Wells Fargo keeps disappointing investors, while trying to keep its sales people happy

Wells Fargo & Co. continued to disappoint investors with its earnings report released early Friday, but it still kept its sales people happy, as commissions and incentive pay increased while profit and revenue fell below expectations.

The stock WFC, -0.98% tumbled as much as 4.3% intraday, before paring losses to trade down 0.9% in afternoon trade. That puts the stock on track to decline on the day earnings were reported for the sixth-straight quarter, as well as for 11 of the past 12 quarters and 15 of the past 17.
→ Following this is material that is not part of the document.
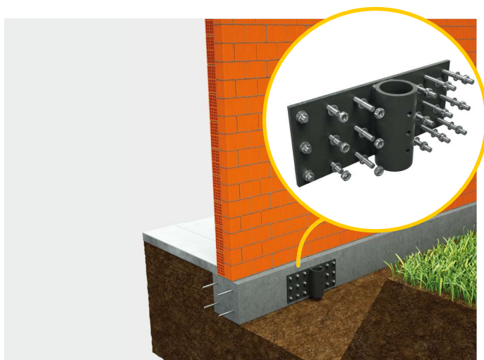
③ Tassellatura della piastra.

Wells Fargo reported before Friday’s open second-quarter net earnings that fell to $5.19 billion, or 98 cents a share, from $5.86 billion, or $1.08 a share, in the same period a year ago, missing the FactSet consensus of $1.12 a share. Total revenue declined 2% to $21.55 billion, below the FactSet consensus of $21.68 billion. Read more about Wells Fargo’s results.

Net interest income rose 1% to $12.54 billion, mostly in line with the FactSet consensus of $12.55 billion, while non-interest income dropped 8% to $9.01 billion to below expectations of $9.21 billion.

While non-interest income fell, expenses rose 3%, as salaries increased 3% to $4.47 billion and commission and incentive compensation jumped 6% to $2.64 billion.

J.P. Gravitt, chief executive officer and head of research at independent market research company Market Realist, said one reason compensation keeps rising even though business is declining is that Wells Fargo still has a perception problem, not just with borrowers and investors, but also its own employees.

“What they’re having to do as a company, they’re having to work much harder to get business,” Gravitt said, “and they’re trying harder to retain good people.”

Wells Fargo has had a perception problem since the bank’s sales practice scandal surfaced two years ago and revealed that the bank had opened millions of unauthorized accounts, fueled by an incentive structure that included daily sales quotas and aggressive account-opening targets. Investigations that followed led to the Federal Reserve forcing the bank to oust board members and limit its growth.

Also read: Fed says Wells Fargo isn’t allowed to grow after wave of scandals.

The stock has lost 8.5% year to date and 0.1% over the past 12 months. In comparison, the SPDR Financial Select Sector exchange-traded fund XLF, -0.54% gained 7.7% over the past 12 months and the S&P 500 index SPX, +0.07% climbed 14%.